Congrats on getting a foot in the door with Atlassian. I highly recommend glassdoor for interview prep because it allows you to read anonymously submitted interview questions and experiences from former applicants. It certainly helped me when I interviewed! The interview style at large tech companies is somewhat similar, so most likely, you'll get a technical Skype interview next. If you want to stay in the right "interview mindset", books like _Cracking the Code Interview_ or the Hired in Tech website are also great. 

Good luck, 
Monika


----------



## skksundar (Apr 29, 2014)

Espresso,

Thanks very much for these tips! I see this hiredintech site to be astounding idea!!
Great work in sharing this! keep it up!!


----------



## ajay.lele83 (Mar 27, 2013)

Thanks Monika,
My Skype interview is lined up for tommorow. can you kindly advise what can i expect out of this round? Will this be more of technical or cultural.

I have got the mail from recruiter about discussion about my exp and reasons to apply.


----------



## espresso (Nov 2, 2012)

Hi ajay,lele83, 

yay, congratulations. Disclaimer: I did not interview with Atlassian, but my partner did. I interviewed with other tech companies. 

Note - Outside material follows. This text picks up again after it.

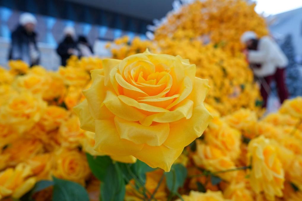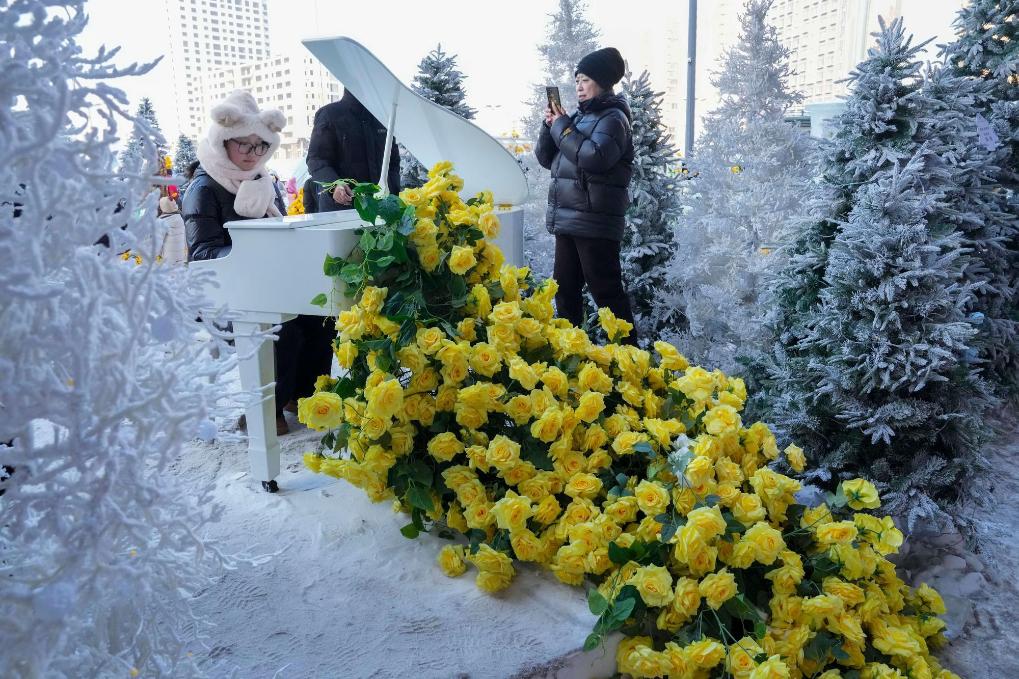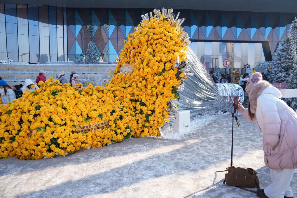 【新華社ハルビン1月5日】中國黒竜江省ハルビン市の商業複合施設、ハルビン西萬達広場前にバラと氷をテーマとしたオブジェが登場し、市民や観光客の目を楽しませている。ロマンチックな雰囲気に引かれて撮影に訪れる人も多い。

That said, my partner got a mix of technical questions and general questions regarding his CV, current development stack and what he wants to do in his next job. He did not make it through that one, unfortunately. If you want more information, refer to the glassdoor interviews for Atlassian. The applicants there also reported a mix of technical/cultural questions.


----------



## prodigy+ (Aug 16, 2013)

Hi Ajay

Are you applying from India or you are already in oz?


----------



## ajay.lele83 (Mar 27, 2013)

Hi,

I am applying from India.


----------



## icedrop9 (Aug 20, 2014)

Hi Ajay,

Can you share what is the preferred dress code for the Atlassian Skype interview? Also how has been the interview process so far?

Regards


----------